White mustard was the species that provided the highest level of weed suppression in most weed biomass assessments. The ability of white mustard and species belonging to the botanical family Brassicaceae can be explained by their high allelopathic potential, which is due to the high content of allelochemicals called glucosinolates in the plant tissue [54]. Glucosinolate molecules are hydrolyzed by an enzyme, namely myrosinase, to a variety of biologically active products, with isothiocyanates having the highest allelopathic potential [55]. This process occurs when plant tissue is disturbed by mowing, grazing, frost, tillage, or root death [56]. Therefore, in the present study, it is very possible that the incorporation of mowed residues of white mustard plants resulted in the release of toxic allelochemicals into the upper soil layers, which impaired weed seed germination and consequently reduced weed emergence.
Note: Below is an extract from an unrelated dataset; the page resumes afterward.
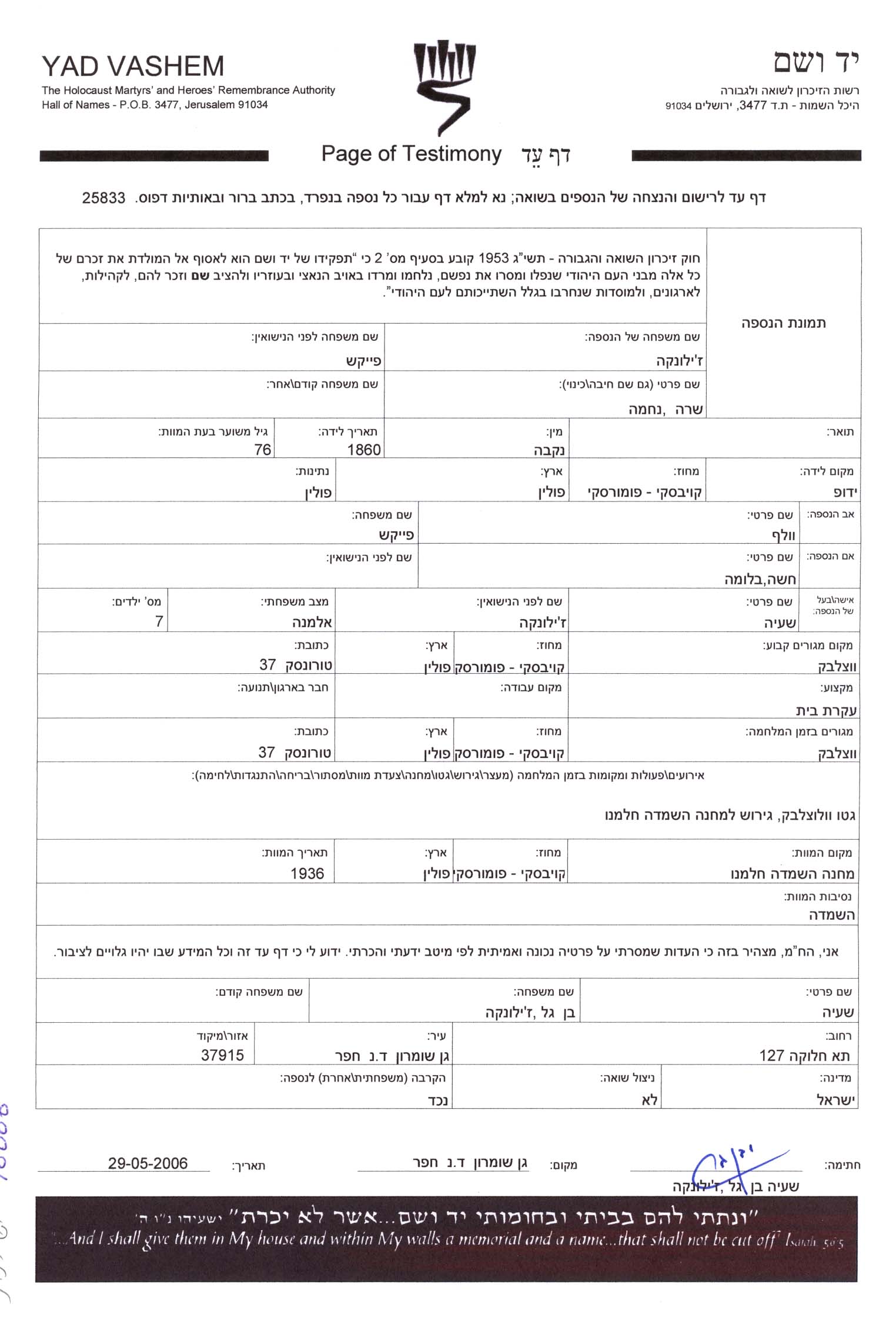 Желёнка | Сара Нехама | 1860 | Влоцлавек, Польша | Лист свидетельских показаний |

There is a similar explanation for the suppression of weed biomass in farro wheat subplots. Cereal straw contains allelochemicals, mainly phenolic compounds, that can reduce weed seed germination when incorporated into the soil after terminating a cereal cover crop [57]. In contrast, common vetch did not provide adequate weed control compared to the cover crops mentioned above. Legume cover crops do not usually produce such large amounts of biomass and they are characterized by lower allelopathic potential than cereals and crucifers [58]. In fact, legume cover crops are preferable for improving soil conditions by enriching the soil with nitrogen and increasing the productivity of the main crop [25].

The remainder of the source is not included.